= EXERCISE INPUTS =

+--

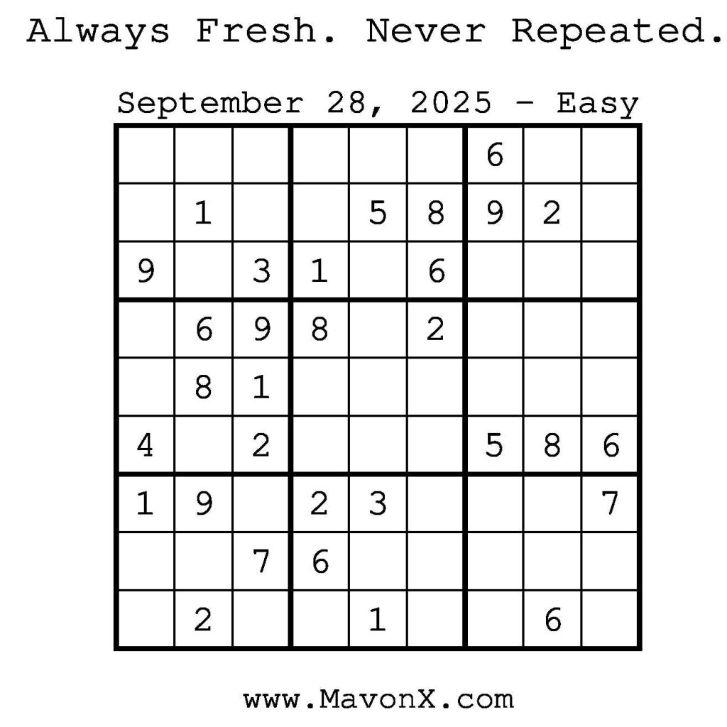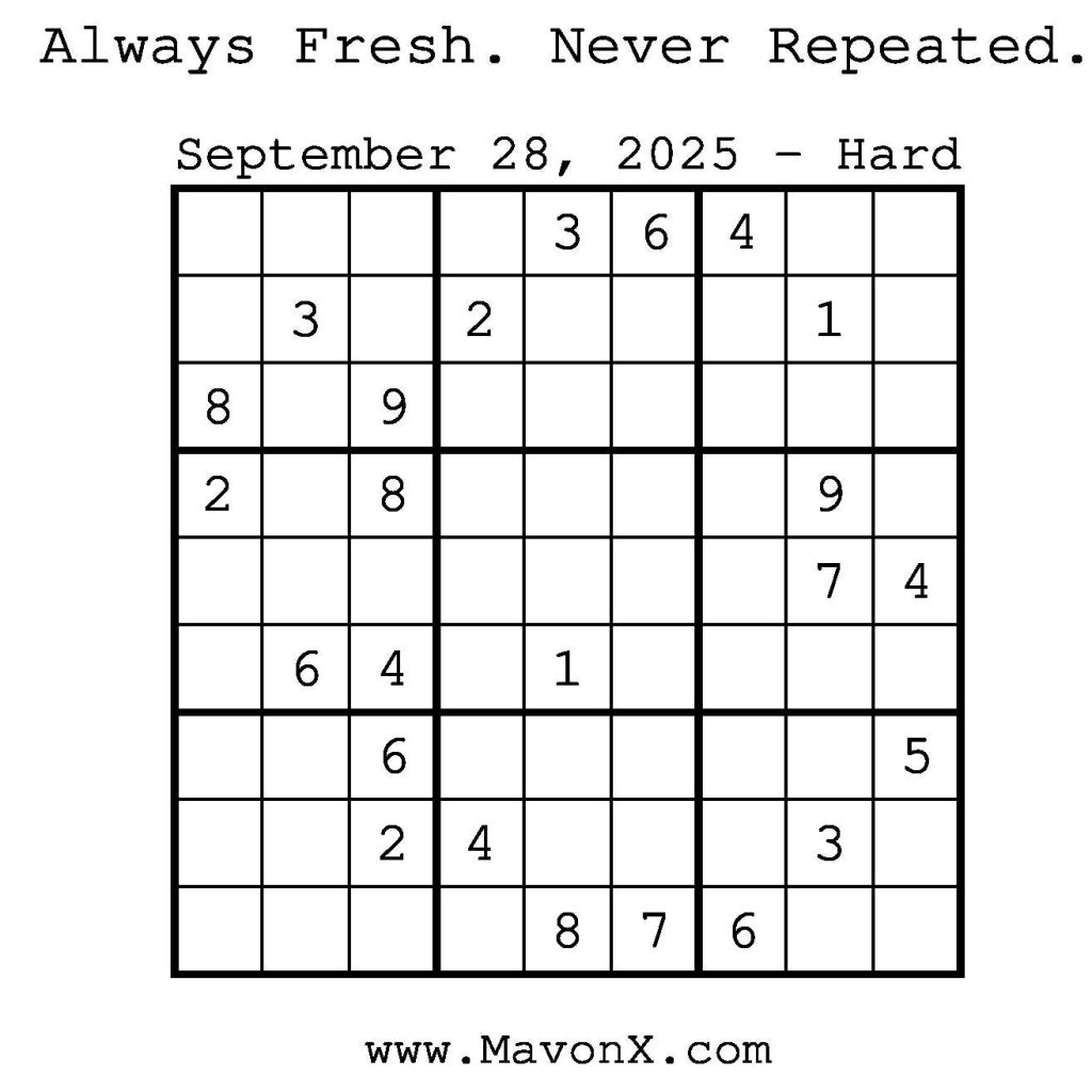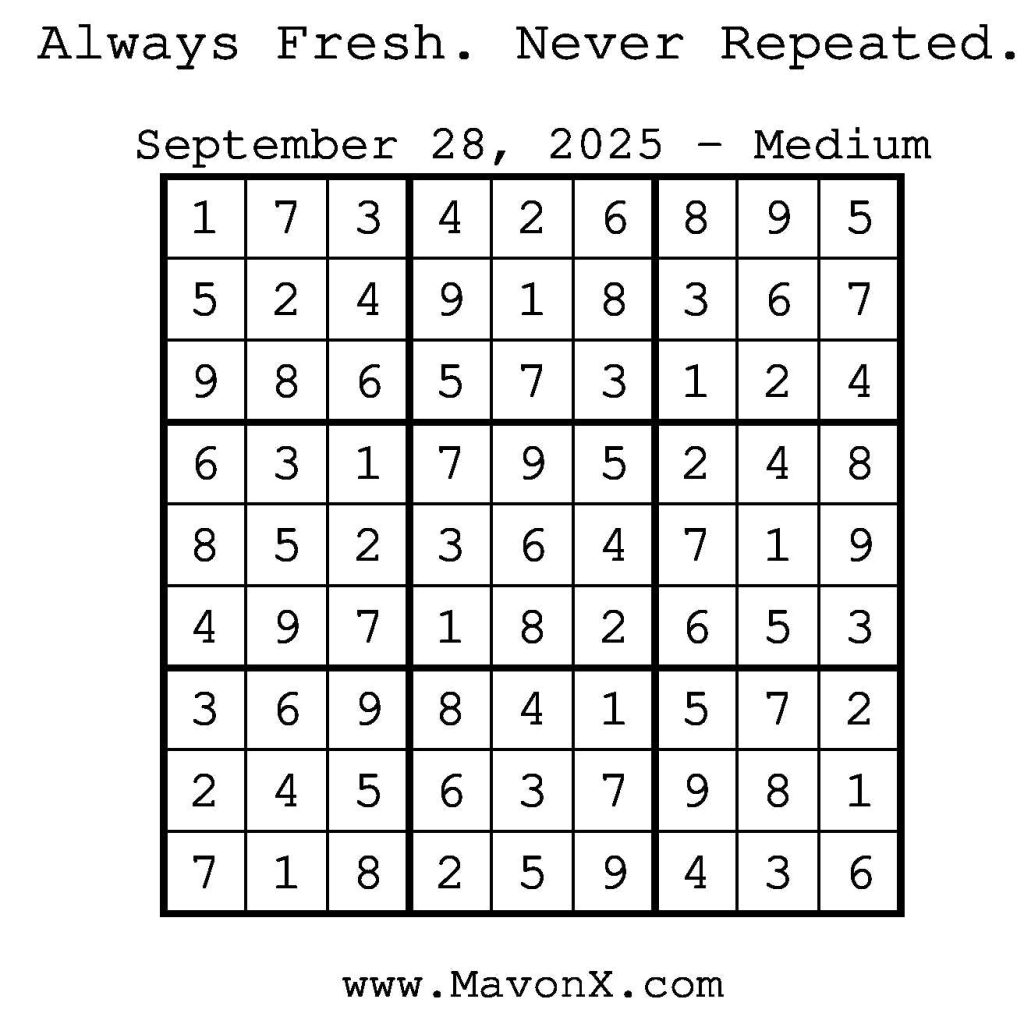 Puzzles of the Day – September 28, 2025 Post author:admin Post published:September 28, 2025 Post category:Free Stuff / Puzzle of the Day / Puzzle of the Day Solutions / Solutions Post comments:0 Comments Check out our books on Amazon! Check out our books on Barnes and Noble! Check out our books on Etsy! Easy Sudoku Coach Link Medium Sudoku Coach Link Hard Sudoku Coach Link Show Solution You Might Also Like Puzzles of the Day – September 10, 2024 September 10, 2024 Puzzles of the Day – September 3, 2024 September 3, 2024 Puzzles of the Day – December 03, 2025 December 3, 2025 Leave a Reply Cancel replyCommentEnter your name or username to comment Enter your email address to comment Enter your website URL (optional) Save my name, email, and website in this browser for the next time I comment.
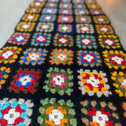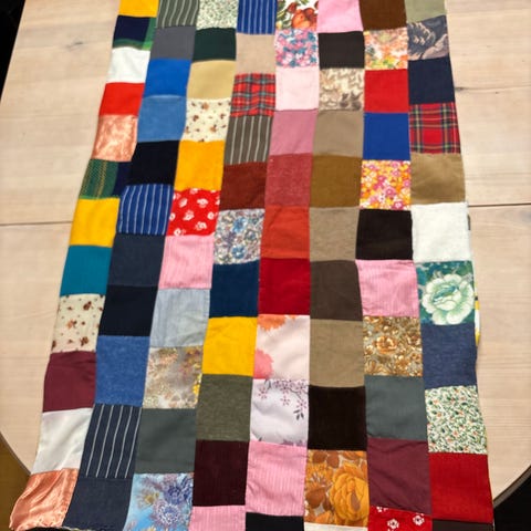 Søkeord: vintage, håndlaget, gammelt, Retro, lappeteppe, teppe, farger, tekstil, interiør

+--

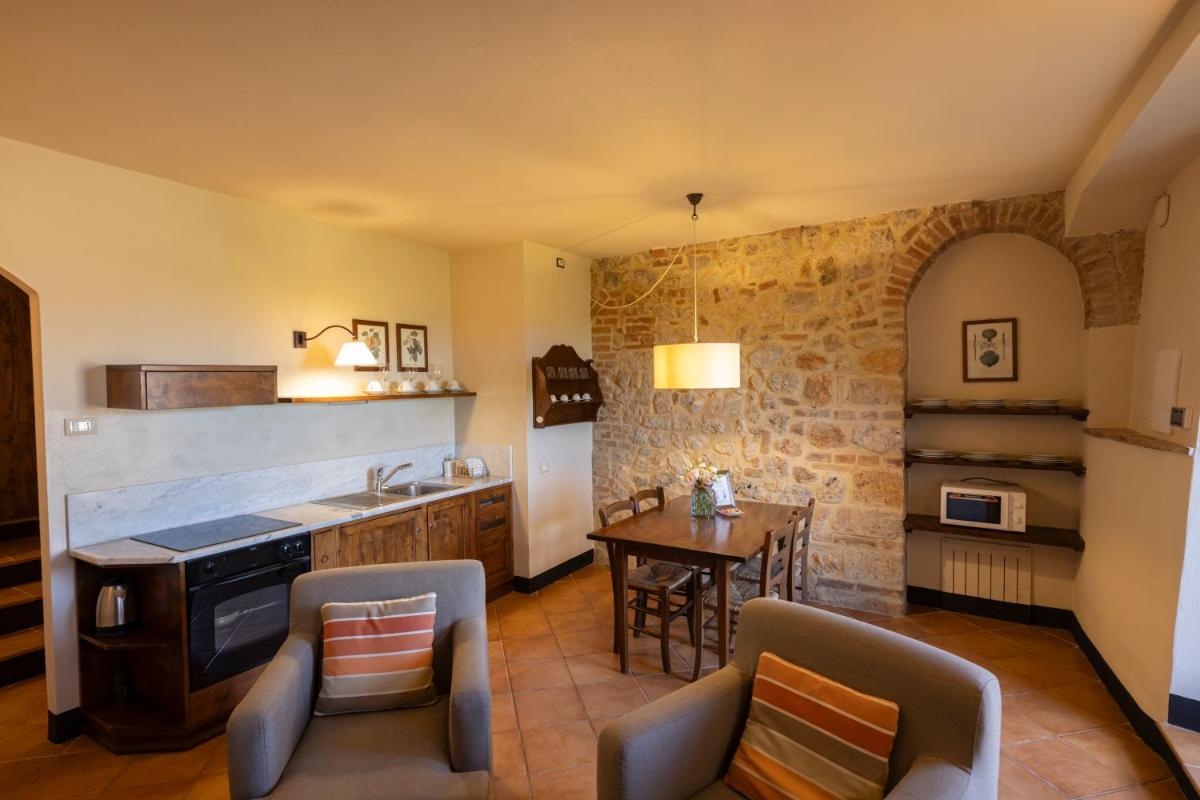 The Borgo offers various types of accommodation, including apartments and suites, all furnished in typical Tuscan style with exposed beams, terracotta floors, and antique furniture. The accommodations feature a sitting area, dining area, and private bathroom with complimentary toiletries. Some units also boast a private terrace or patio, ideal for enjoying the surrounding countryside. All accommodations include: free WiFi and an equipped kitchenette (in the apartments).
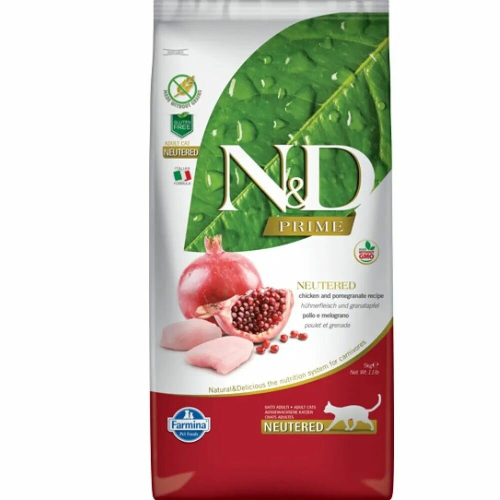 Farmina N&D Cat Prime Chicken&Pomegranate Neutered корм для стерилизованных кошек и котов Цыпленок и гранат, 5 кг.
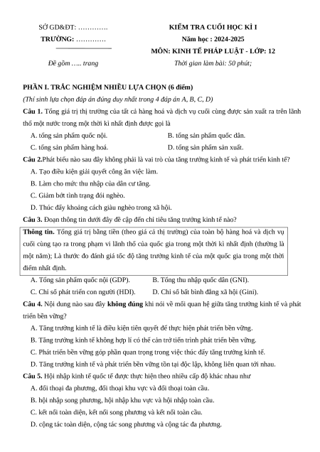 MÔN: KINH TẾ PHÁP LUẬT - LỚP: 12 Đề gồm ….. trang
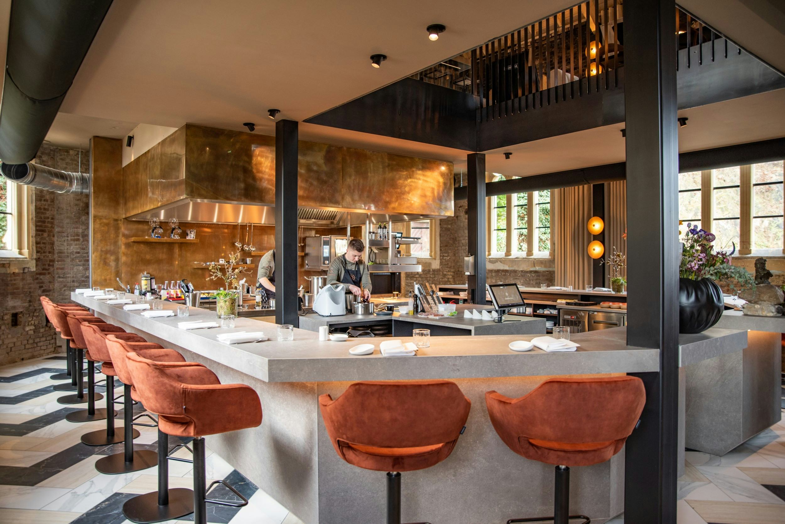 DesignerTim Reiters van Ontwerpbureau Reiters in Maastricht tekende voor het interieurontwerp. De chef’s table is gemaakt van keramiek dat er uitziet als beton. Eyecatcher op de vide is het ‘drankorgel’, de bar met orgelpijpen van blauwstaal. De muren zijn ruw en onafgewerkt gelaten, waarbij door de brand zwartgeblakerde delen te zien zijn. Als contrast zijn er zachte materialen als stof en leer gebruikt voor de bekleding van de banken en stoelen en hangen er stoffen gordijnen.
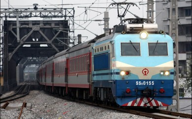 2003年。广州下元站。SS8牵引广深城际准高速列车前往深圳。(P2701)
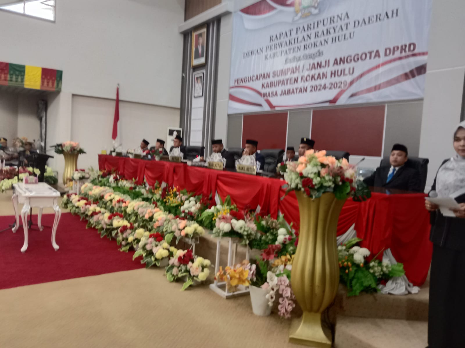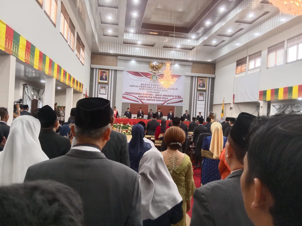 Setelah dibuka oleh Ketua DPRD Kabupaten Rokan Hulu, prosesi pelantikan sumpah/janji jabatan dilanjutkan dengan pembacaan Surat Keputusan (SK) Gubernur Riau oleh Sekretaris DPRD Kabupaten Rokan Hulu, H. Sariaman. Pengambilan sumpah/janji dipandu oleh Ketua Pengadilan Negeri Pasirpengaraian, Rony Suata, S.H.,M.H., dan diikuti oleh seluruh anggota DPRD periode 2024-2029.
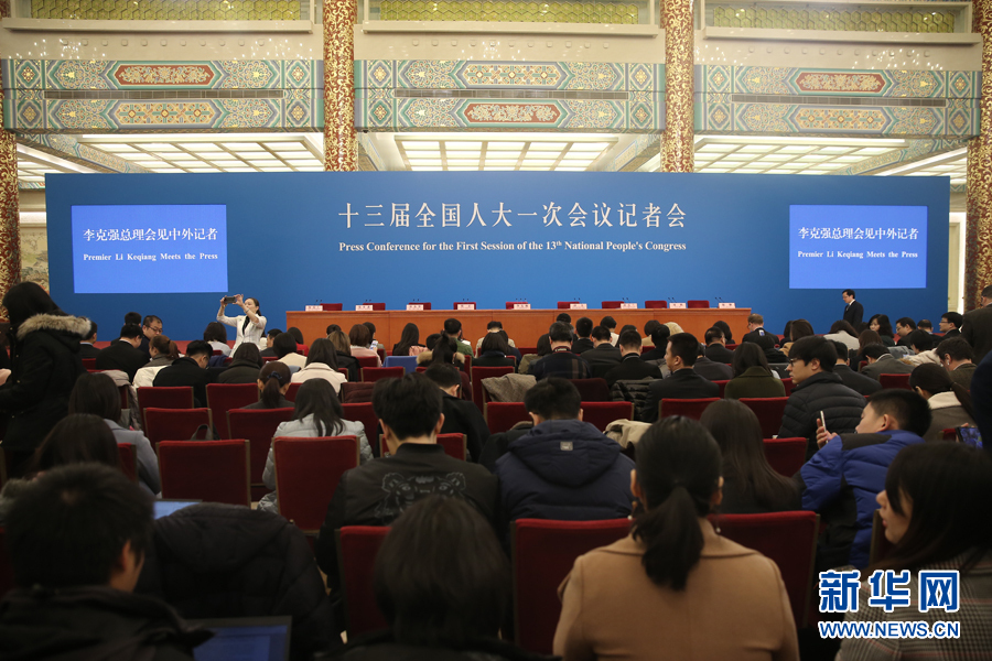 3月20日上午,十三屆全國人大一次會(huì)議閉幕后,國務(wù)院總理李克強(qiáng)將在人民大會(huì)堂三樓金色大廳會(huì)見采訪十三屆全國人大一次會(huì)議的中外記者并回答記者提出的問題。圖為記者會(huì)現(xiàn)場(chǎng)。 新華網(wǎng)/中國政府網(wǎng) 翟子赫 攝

+--

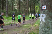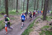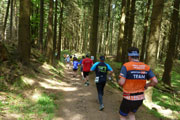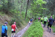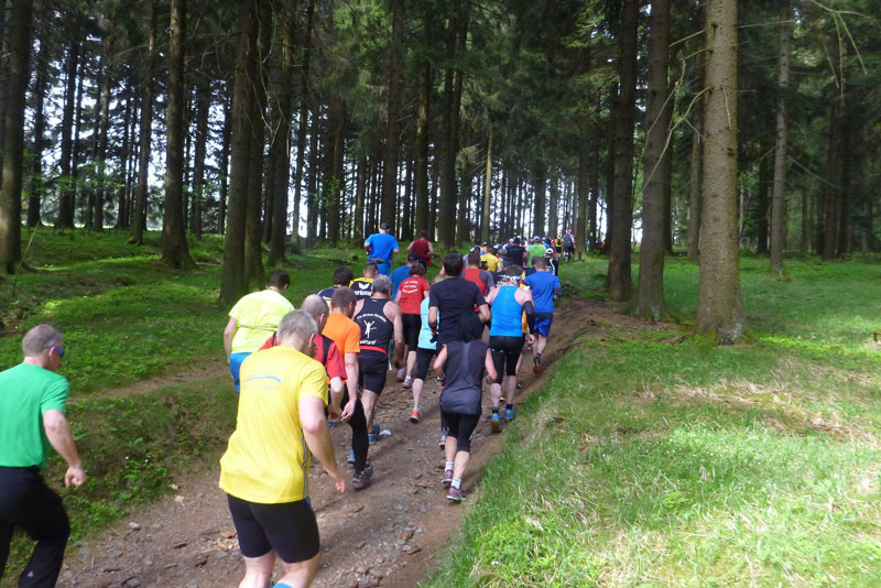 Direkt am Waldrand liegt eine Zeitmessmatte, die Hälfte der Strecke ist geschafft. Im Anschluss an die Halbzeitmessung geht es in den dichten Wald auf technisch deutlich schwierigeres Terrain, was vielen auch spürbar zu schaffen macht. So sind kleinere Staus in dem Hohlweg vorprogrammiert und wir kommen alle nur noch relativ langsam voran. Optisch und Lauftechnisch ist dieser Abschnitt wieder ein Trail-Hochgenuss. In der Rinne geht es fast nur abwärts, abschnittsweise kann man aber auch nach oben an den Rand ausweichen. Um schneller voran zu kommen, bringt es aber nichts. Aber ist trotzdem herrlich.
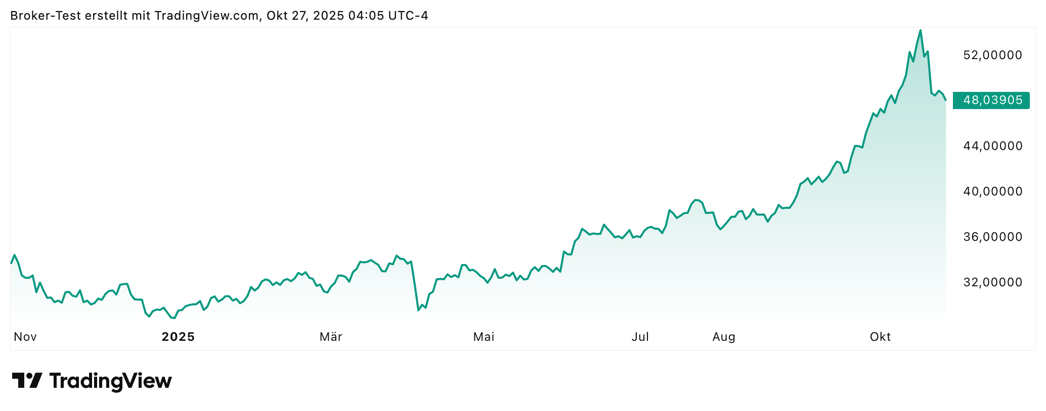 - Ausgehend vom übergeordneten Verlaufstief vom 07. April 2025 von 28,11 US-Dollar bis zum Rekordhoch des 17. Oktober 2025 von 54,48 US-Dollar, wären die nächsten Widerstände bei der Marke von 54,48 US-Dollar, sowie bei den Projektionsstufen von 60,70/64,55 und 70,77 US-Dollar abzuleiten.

+--

= ACTIVITY =
The reply should hold exactly the lines above, starting at the line with "MÔN: KINH TẾ" and ending at the line with "新華網(wǎng)/中國政府網(wǎng) 翟子赫 攝", and no pictures.

= RESPONSE =
 MÔN: KINH TẾ PHÁP LUẬT - LỚP: 12 Đề gồm ….. trang
 DesignerTim Reiters van Ontwerpbureau Reiters in Maastricht tekende voor het interieurontwerp. De chef’s table is gemaakt van keramiek dat er uitziet als beton. Eyecatcher op de vide is het ‘drankorgel’, de bar met orgelpijpen van blauwstaal. De muren zijn ruw en onafgewerkt gelaten, waarbij door de brand zwartgeblakerde delen te zien zijn. Als contrast zijn er zachte materialen als stof en leer gebruikt voor de bekleding van de banken en stoelen en hangen er stoffen gordijnen.
 2003年。广州下元站。SS8牵引广深城际准高速列车前往深圳。(P2701)
 Setelah dibuka oleh Ketua DPRD Kabupaten Rokan Hulu, prosesi pelantikan sumpah/janji jabatan dilanjutkan dengan pembacaan Surat Keputusan (SK) Gubernur Riau oleh Sekretaris DPRD Kabupaten Rokan Hulu, H. Sariaman. Pengambilan sumpah/janji dipandu oleh Ketua Pengadilan Negeri Pasirpengaraian, Rony Suata, S.H.,M.H., dan diikuti oleh seluruh anggota DPRD periode 2024-2029.
 3月20日上午,十三屆全國人大一次會(huì)議閉幕后,國務(wù)院總理李克強(qiáng)將在人民大會(huì)堂三樓金色大廳會(huì)見采訪十三屆全國人大一次會(huì)議的中外記者并回答記者提出的問題。圖為記者會(huì)現(xiàn)場(chǎng)。 新華網(wǎng)/中國政府網(wǎng) 翟子赫 攝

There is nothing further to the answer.